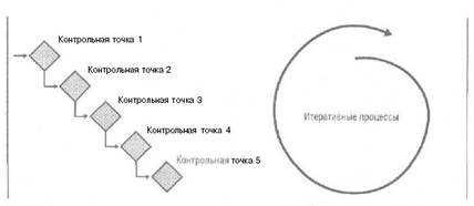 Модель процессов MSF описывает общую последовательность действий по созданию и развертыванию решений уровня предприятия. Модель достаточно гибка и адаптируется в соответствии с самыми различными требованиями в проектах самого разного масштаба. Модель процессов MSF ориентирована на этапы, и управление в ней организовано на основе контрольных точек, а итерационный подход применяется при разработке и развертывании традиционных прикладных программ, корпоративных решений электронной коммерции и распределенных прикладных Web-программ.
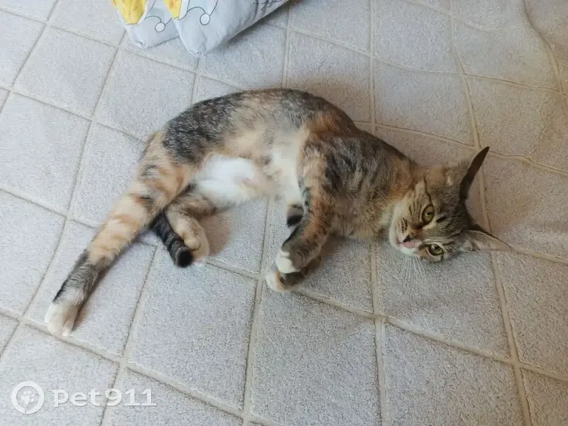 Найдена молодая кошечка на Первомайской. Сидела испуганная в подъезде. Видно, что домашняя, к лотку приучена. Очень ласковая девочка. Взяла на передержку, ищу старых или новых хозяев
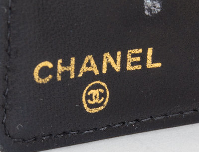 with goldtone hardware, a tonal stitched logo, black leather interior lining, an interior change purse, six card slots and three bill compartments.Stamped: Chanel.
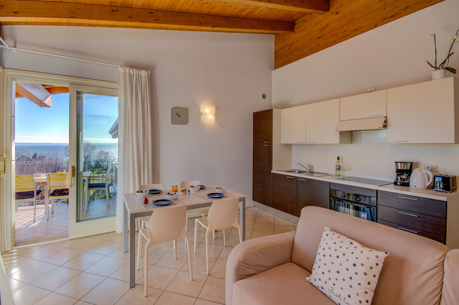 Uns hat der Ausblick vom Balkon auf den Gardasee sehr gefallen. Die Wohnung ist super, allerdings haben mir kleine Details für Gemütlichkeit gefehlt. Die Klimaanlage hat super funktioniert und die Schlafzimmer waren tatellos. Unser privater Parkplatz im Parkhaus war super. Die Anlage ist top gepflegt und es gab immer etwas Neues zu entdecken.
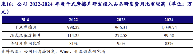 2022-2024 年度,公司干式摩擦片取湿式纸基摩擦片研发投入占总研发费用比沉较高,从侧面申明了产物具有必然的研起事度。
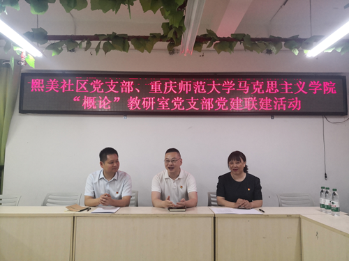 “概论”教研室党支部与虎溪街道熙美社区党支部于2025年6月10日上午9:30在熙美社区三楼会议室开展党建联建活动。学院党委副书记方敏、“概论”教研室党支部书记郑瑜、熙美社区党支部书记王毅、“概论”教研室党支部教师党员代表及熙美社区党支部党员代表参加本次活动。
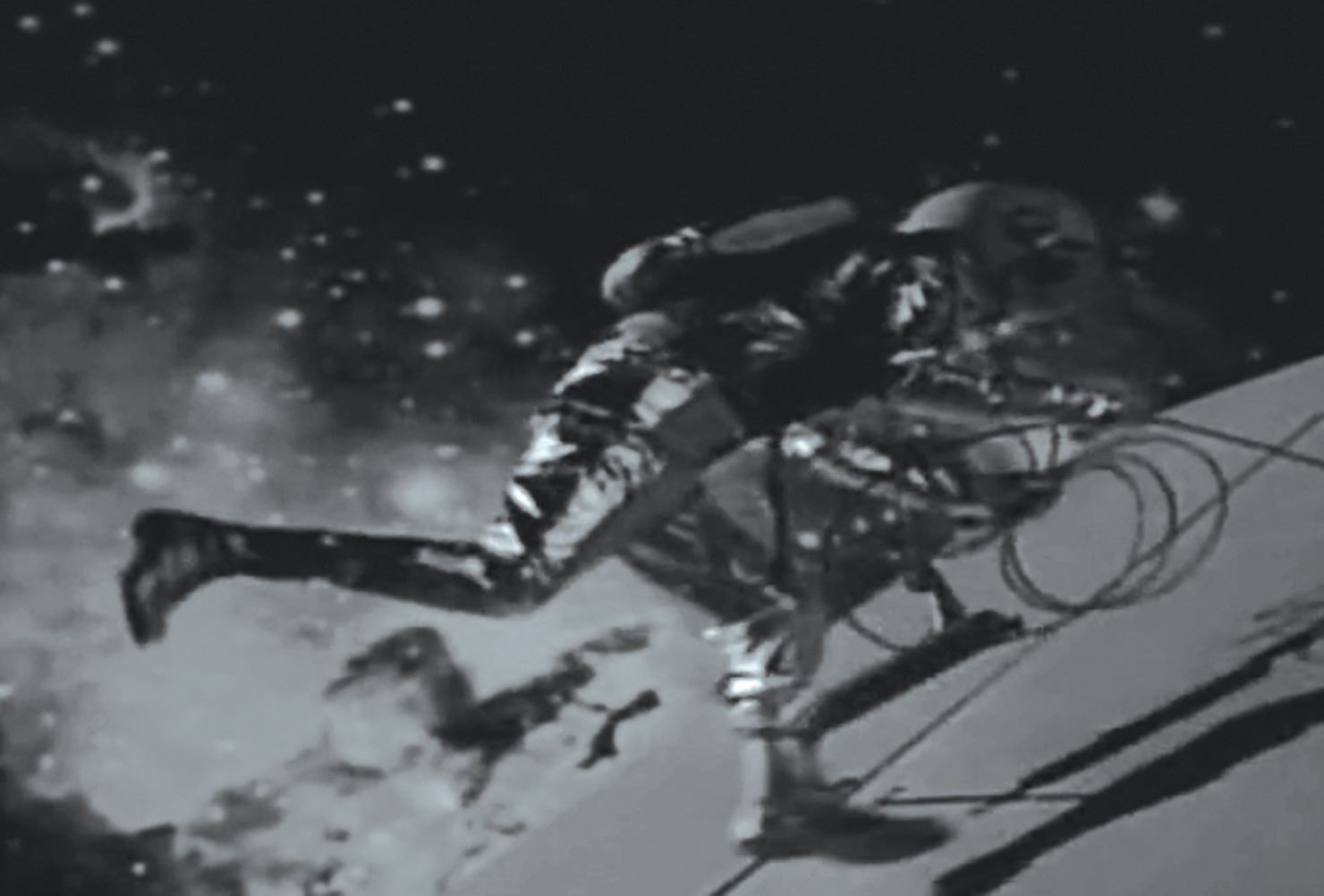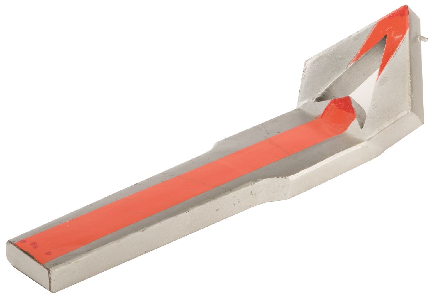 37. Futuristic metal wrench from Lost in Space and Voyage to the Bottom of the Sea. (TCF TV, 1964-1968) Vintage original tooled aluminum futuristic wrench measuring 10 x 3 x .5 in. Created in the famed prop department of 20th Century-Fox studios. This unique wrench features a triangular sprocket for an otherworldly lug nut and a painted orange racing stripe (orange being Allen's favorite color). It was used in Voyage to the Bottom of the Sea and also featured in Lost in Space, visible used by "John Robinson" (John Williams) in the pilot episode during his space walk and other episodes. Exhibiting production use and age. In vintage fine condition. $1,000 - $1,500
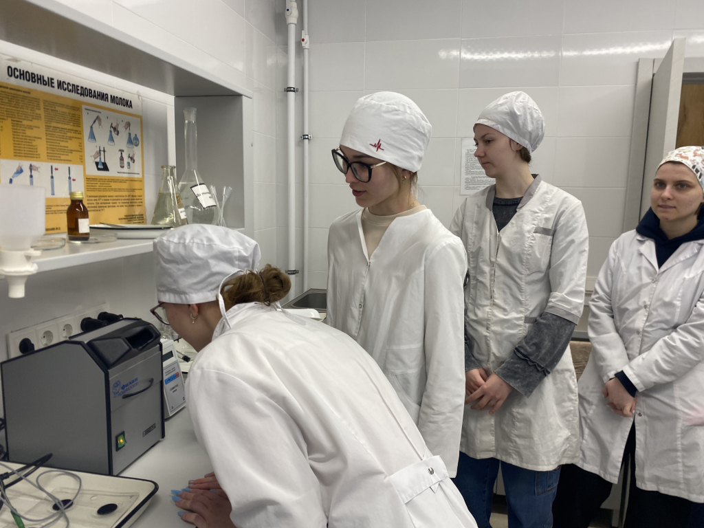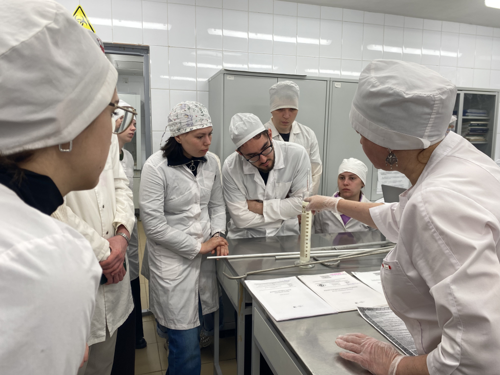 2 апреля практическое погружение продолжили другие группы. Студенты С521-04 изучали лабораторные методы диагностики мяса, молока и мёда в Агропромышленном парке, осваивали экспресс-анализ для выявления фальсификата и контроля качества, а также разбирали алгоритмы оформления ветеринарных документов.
...
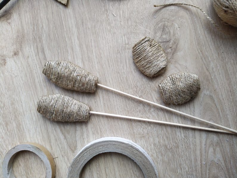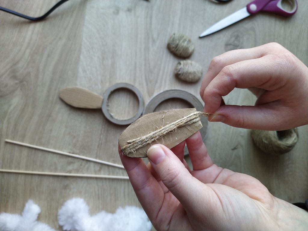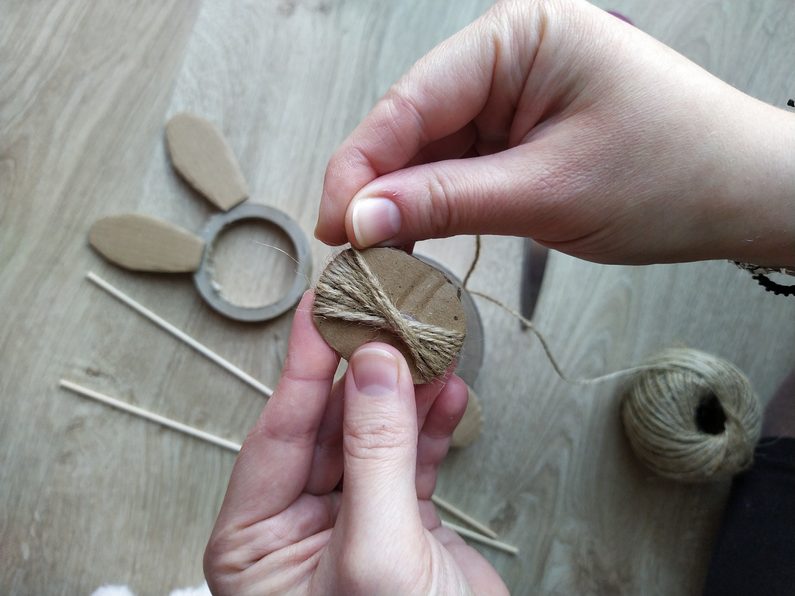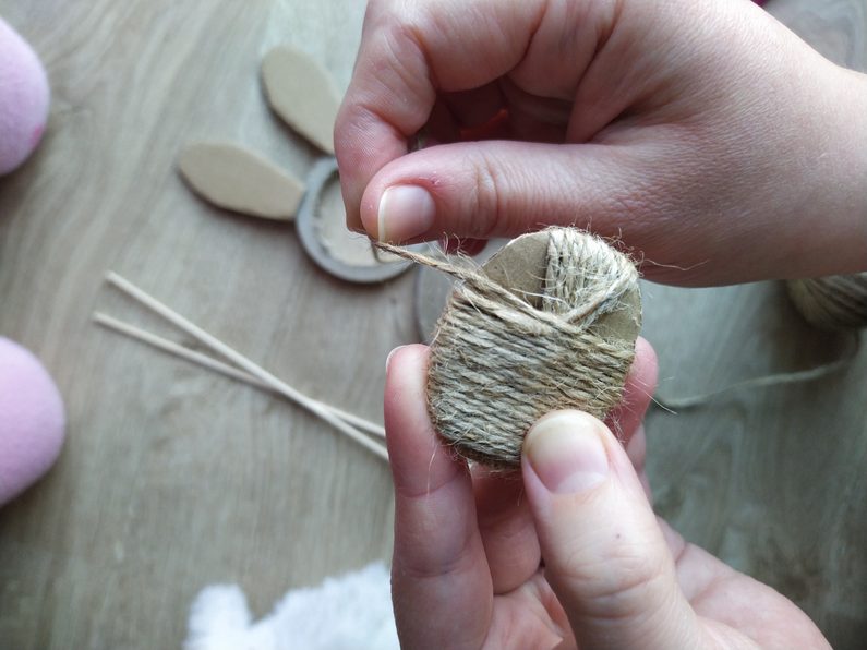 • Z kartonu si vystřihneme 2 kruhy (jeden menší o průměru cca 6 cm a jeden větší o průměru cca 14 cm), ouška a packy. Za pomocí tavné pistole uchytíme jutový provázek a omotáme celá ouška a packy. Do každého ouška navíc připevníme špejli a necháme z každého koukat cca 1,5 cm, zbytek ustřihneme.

WHAT NEEDS TO BE DONE:
Go down the entries above from the line containing "2022-2024 年度,公" to the line containing "2 апреля практическое" and write out each line exactly, leaving pictures out.

RESPONSE BOX:
 2022-2024 年度,公司干式摩擦片取湿式纸基摩擦片研发投入占总研发费用比沉较高,从侧面申明了产物具有必然的研起事度。
 “概论”教研室党支部与虎溪街道熙美社区党支部于2025年6月10日上午9:30在熙美社区三楼会议室开展党建联建活动。学院党委副书记方敏、“概论”教研室党支部书记郑瑜、熙美社区党支部书记王毅、“概论”教研室党支部教师党员代表及熙美社区党支部党员代表参加本次活动。
 37. Futuristic metal wrench from Lost in Space and Voyage to the Bottom of the Sea. (TCF TV, 1964-1968) Vintage original tooled aluminum futuristic wrench measuring 10 x 3 x .5 in. Created in the famed prop department of 20th Century-Fox studios. This unique wrench features a triangular sprocket for an otherworldly lug nut and a painted orange racing stripe (orange being Allen's favorite color). It was used in Voyage to the Bottom of the Sea and also featured in Lost in Space, visible used by "John Robinson" (John Williams) in the pilot episode during his space walk and other episodes. Exhibiting production use and age. In vintage fine condition. $1,000 - $1,500
 2 апреля практическое погружение продолжили другие группы. Студенты С521-04 изучали лабораторные методы диагностики мяса, молока и мёда в Агропромышленном парке, осваивали экспресс-анализ для выявления фальсификата и контроля качества, а также разбирали алгоритмы оформления ветеринарных документов.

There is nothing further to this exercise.